Composting and Gardening

As I sat in the CSU/EXPO Mini-Urban Farm one Saturday, attending a free seminar on "raised bed planting", my mind kept picturing this part of my backyard. The event was hosted by a program called "Garden Gateway" and promised information and free building materials to create my own raised bed for planting a garden.

Fast forward a couple of weeks later to The Paul Robeson Community Wellness Center, where I attended their Earth Day event. I thought I would also pick up the materials, but they still hadn't ordered them yet. They did, however, offer another free seminar. This time the topic was composting, and once again they generously provided free materials. I received a supply of a fruity powder called bokashi.
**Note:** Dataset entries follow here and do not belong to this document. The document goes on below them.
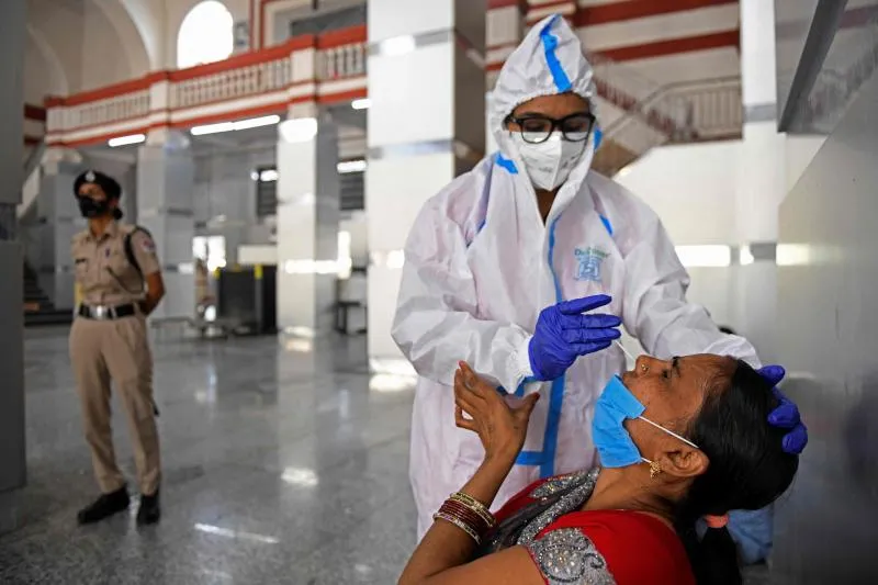 امرأة تخضع لاختبار الكشف عن فيروس كورونا في الهند (أ.ف.ب)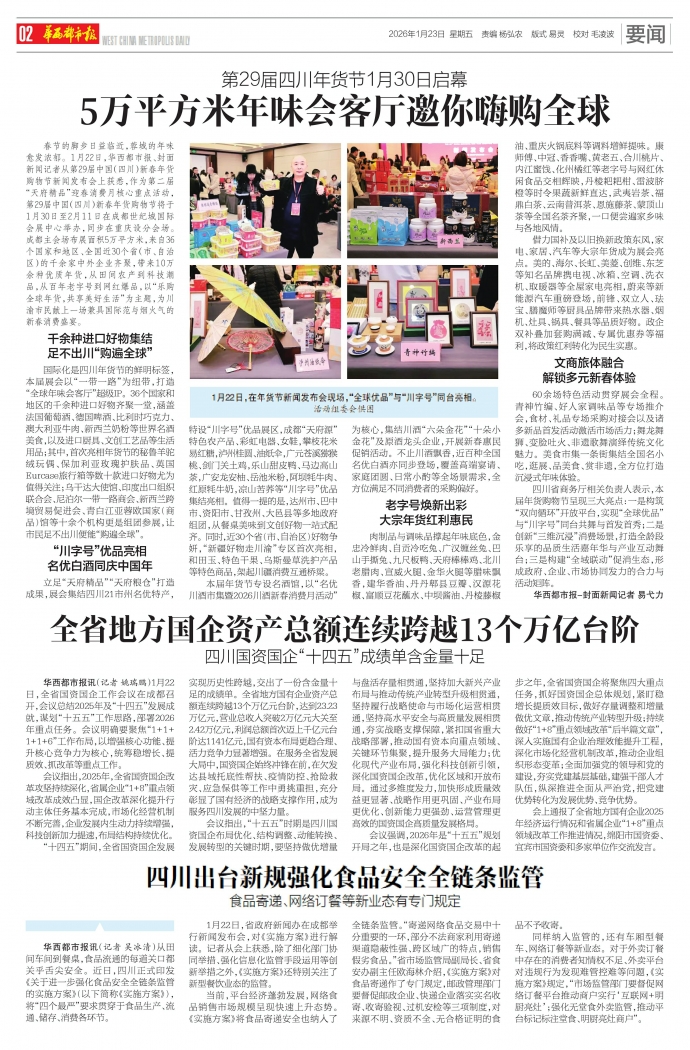 华西都市报讯(记者 姚瑞鹏)1月22日,全省国资国企工作会议在成都召开,会议总结2025年及“十四五”发展成就,谋划“十五五”工作思路,部署2026年重点任务。会议明确要聚焦“1+1+ 1+1+6”工作布局,以增强核心功能、提升核心竞争力为核心,统筹稳增长、提质效、抓改革等重点工作。
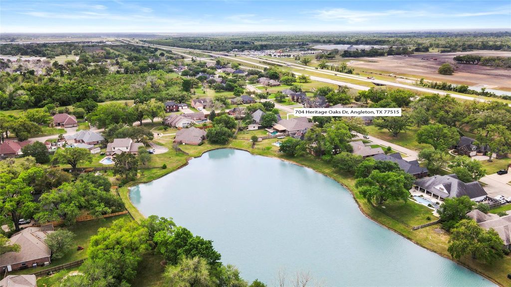 Welcome to 704 Heritage Oaks Drive — a breathtaking lakefront retreat where luxury meets tranquility. Set on a half-acre beneath mature trees, this showpiece home offers stunning water views and a resort-style backyard featuring a hand-carved rock waterfall saltwater pool, spa, and beautifully lit pergola and palapa spaces perfect for entertaining. Inside, soaring ceilings and elegant finishes elevate the living experience. The chef’s kitchen with granite countertops opens to spacious living areas, while the serene primary suite features a spa-like rain shower and sitting area. A private guest suite with full kitchen and bath is ideal for multigenerational living. Upstairs media room with full bath adds flexibility. Complete with a 3-car garage, workshop, storage building with electricity, storm-impact windows, and a new roof (2024)—all just minutes from Hwy 288.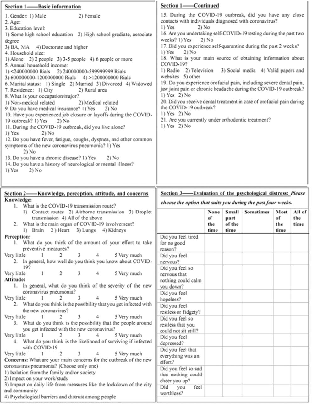 The 1st section focused on individual background information and the person’s primary source of information about COVID-19. Questions regarded the current orthodontic treatment, the current OFP and its treatment, and 6 questions related to the probability of catching coronavirus, job closure and quarantine. Questions about the exclusion criteria were also asked in this section.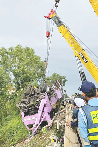 ◎ 柬埔寨警方十一月二十日向新華社記者證實,一輛長途客車當天凌晨在柬中部磅同省撞上橋梁護欄後墜入河中,造成十三人死亡,另有二十多人受傷。圖為當日,工程車輛在柬埔寨磅同省吊起失事客車。(新華社發 柬埔寨磅同省警察局供圖)
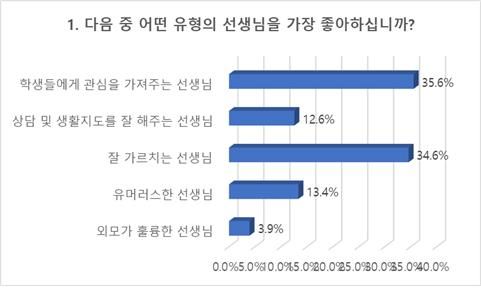 먼저 어떤 유형의 선생님을 좋아하는지에 대한 질문에 '학생들에게 관심을 가져주는 선생님'을 선택한 학생이 35.6%(181명), 잘 가르치는 선생님이 34.6%(176명)로 1~2위를 차지했다. 이어 '유머러스한 선생님(13.4%·68명)', '상담 및 생활지도를 잘해주는 선생님(12.6%·64명)', '외모가 훌륭한 선생님(3.9%·20명) 순으로 나타났다.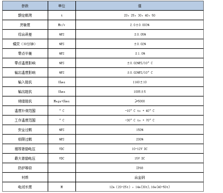 數(shù)字型柱式稱重傳感器技術(shù)參數(shù):FNx廣州南創(chuàng)電子科技有限公司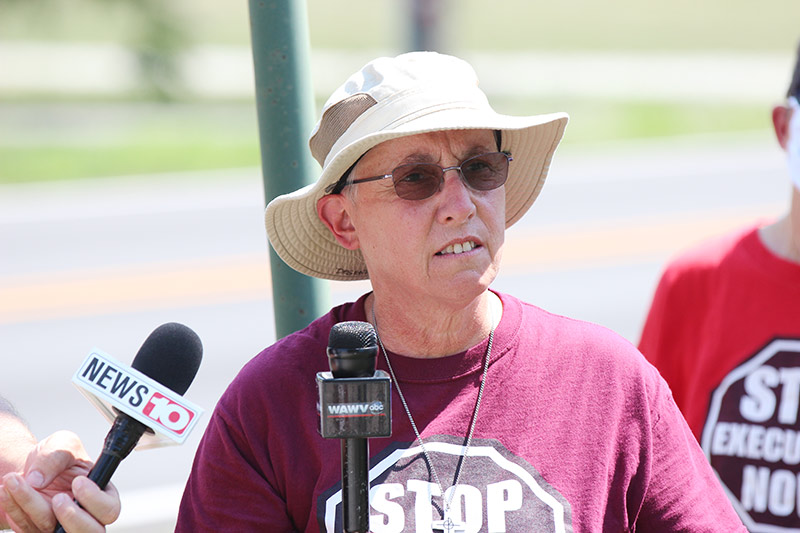 A year ago, we formed the Terre Haute Death Penalty Resistance to collaborate in working to abolish the death penalty and bear witness to federal executions. We have members from Catholic Mobilizing Network; Indiana Catholic Conference; Indiana Abolition Coalition; The Sisters of Providence; Oldenburg Franciscans; Interfaith Council of the Wabash Valley; Amnesty International; students from across Indiana; and various other individuals dedicated to abolishing the death penalty. We gather in protest and vigil at the main entrance to the USP Terre Haute.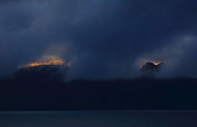 天气变化太快了!刚刚的蓝天白云,转眼就被大片云压顶了!非常幸庆一早先是拍照后吃饭,否则真会悔青肠子。远处还是阳光明媚,可是太远了,冲锋舟是过不去!决定在此地登陆,这次是我们先巡游。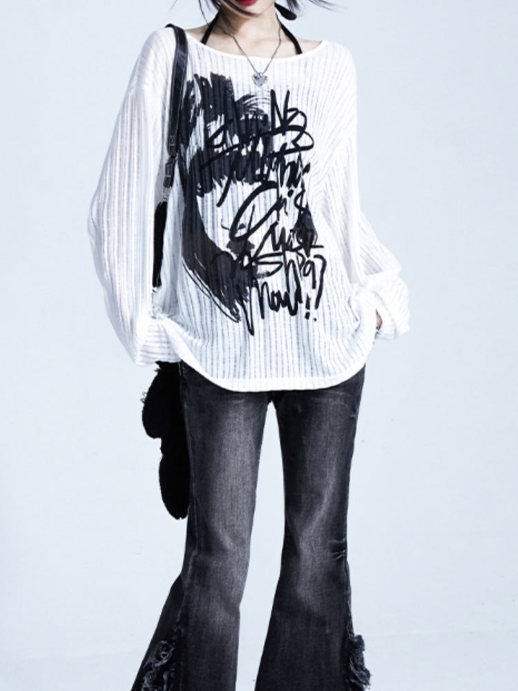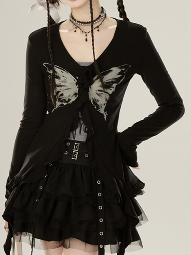 Butterfly Print Tie-Dye Off-Shoulder Loose Fit Lazy Chic Top for Early Spring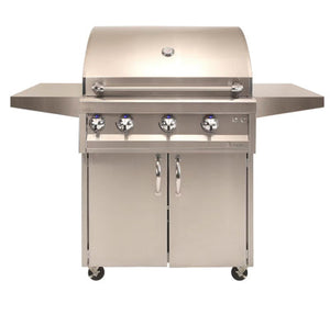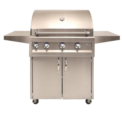 The Artisan Professional 32-Inch Freestanding Propane Gas Grill comes with three high-performance burners and a built-in rotisserie. Perfect for outdoor chefs seeking professional-quality grilling on a mobile unit.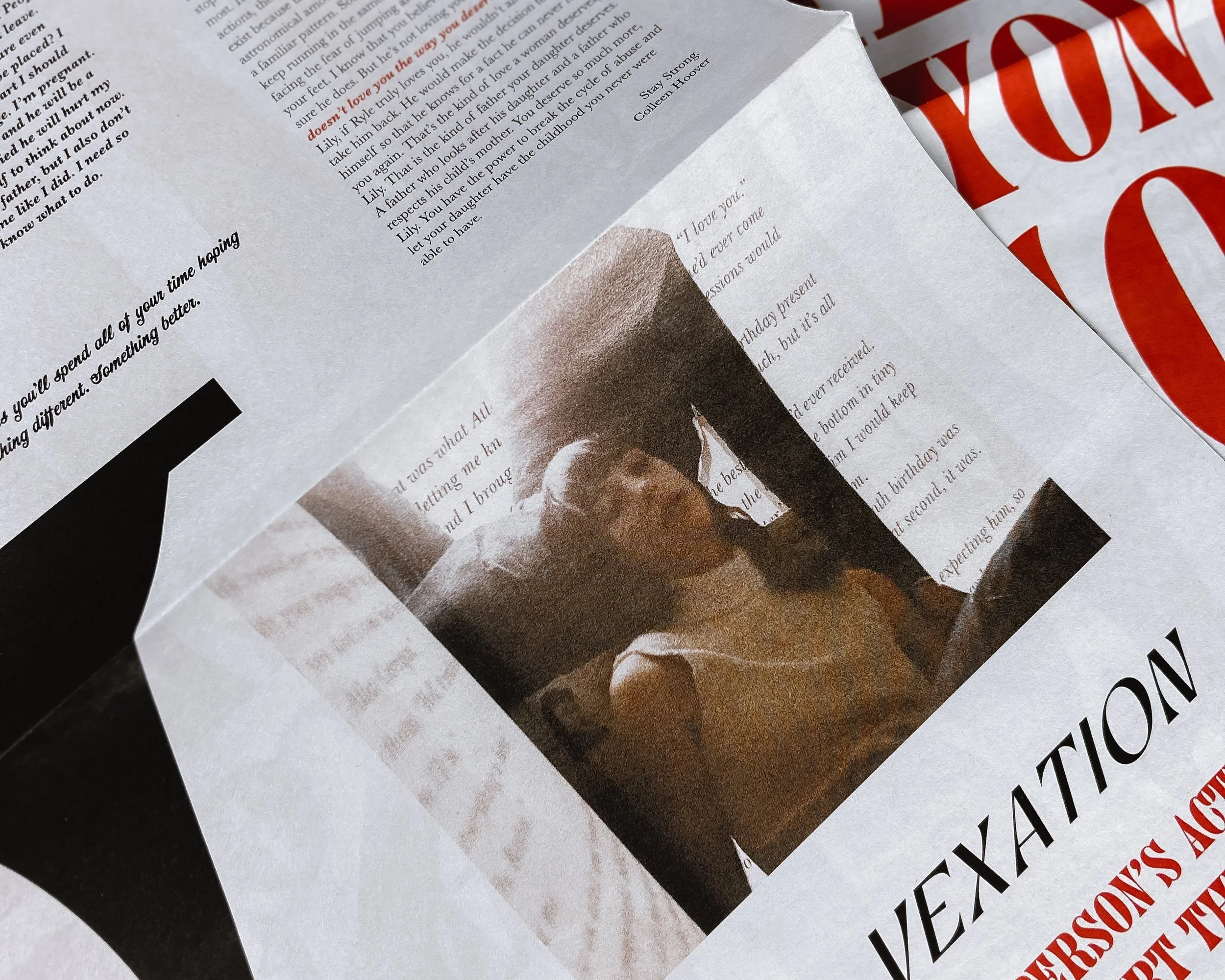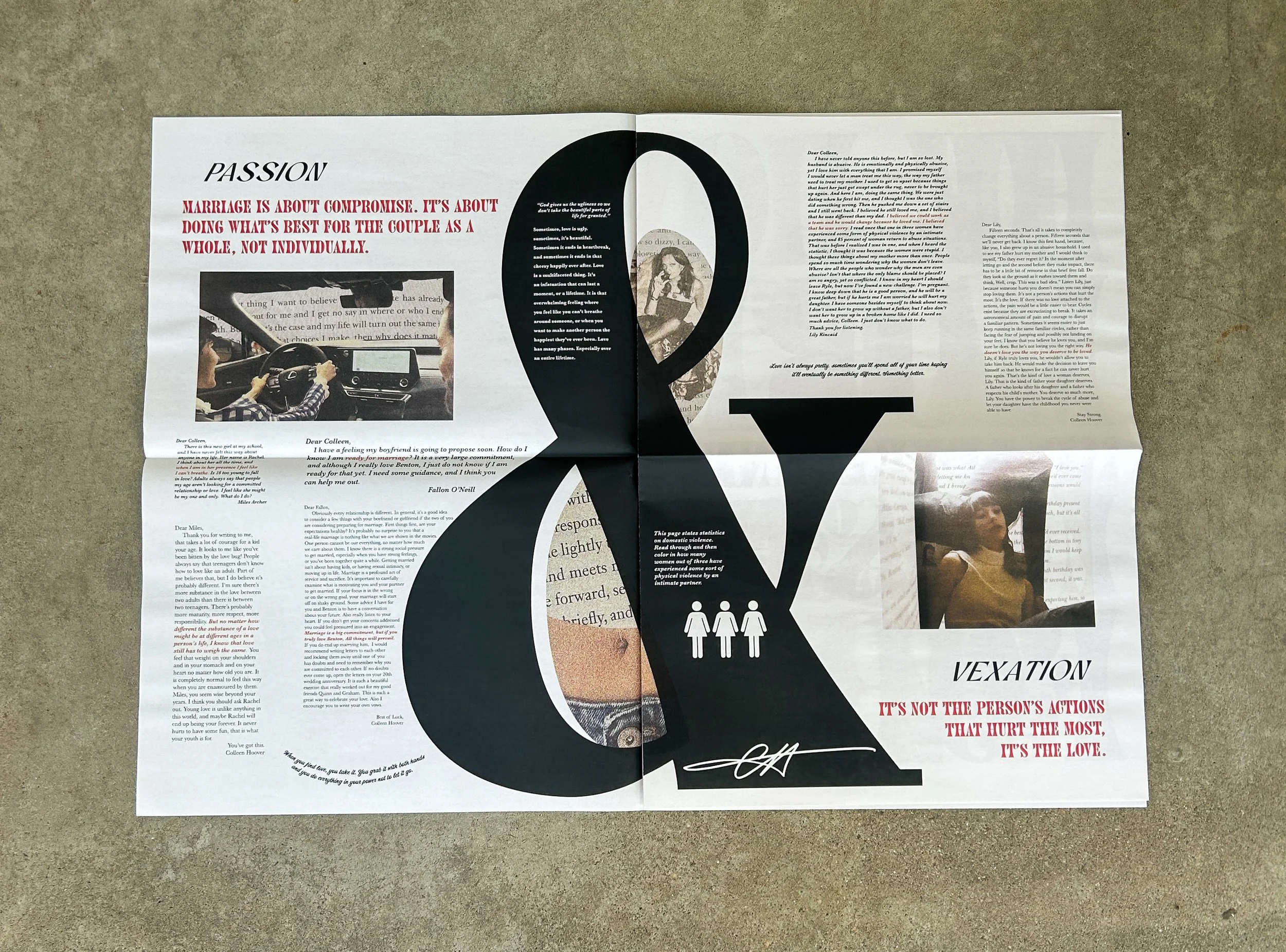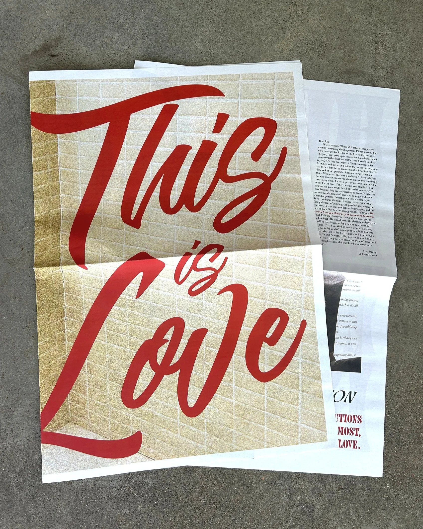 “This is Love” is a broadsheet publication focused on typography, which delves into the topic of relationships. Inspired by the writing of author, Colleen Hoover, this publication explores the topic of love. It takes a journey through all aspects of relationships, including the good, bad, and ugly. More specifically, the publication features spreads on passion, compromise, marriage, fertility, domestic violence, and heartache.

An inoculated bran powder used to help in the fermenting of compost.

I had a big 5-gallon bucket to fill, and no space inside my apartment, so I used an old canister for nuts to collect scraps, peels, coffee grinds, and eggshells and the like. When that was full, I would empty the stinky contents into the bucket and add another layer of Bokashi. Until one, fateful brew-day...
Before adding the final layer of Bokashi and sealing it for two additional weeks.

Working in the restaurant industry, I don't need to cook every day, and even with my roommates pitching in their scraps, the nut canister did not need much emptying. But brewing a 5-gallon batch of all-grain beer in my backyard (something I do once or twice a month), my partner pointed out that I could add the spent (used) grain to my compost bucket. It was so obvious I felt embarrassed for not thinking of it myself sooner! With that 14 pounds of sugar-leeched malted barley and rye, there was just enough space to empty one last nut can's worth of banana peels and coffee grinds.

 The timing couldn't have been more perfect. The Bokashi needed two weeks to ferment, and that time passed just as the building materials we were promised arrived. We set to work (borrowing her uncle's tools) and constructed the raised bed as we had been instructed.

 I did have to transplant a couple Agapanthus to make room.
I did that, while she expertly shortened the wood to fit the space I had chosen. Everything went pretty smoothly, and the whole process took only a couple of hours.
We lined our finished raised bed with cardboard. I still don't fully understand how it helps create a foundation for healthy soil, but I remember hearing multiple times that it does, and I had just the right amount on hand already.
 Next it was time to add the compost! It was slimy and stinky and hopefully perfect for enriching the 4 bags of planting soil I then emptied on top of it.

 I topped the inside and outside of the bed with diatomaceous earth to prevent too many unwanted creepy crawlies.
And now I wait! The pH of the compost is acidic and harmful to plant roots, so I am supposed to wait another two weeks before I plant my herb garden, but I am SO EXCITED by how it looks! I'm ready to plant and eat herbs I grew myself - hopefully soon!

Keen eyes might also notice my neighbors are building something like an additional condo or small garage next door. That's got nothing to do with this, but who doesn't love an Easter Egg?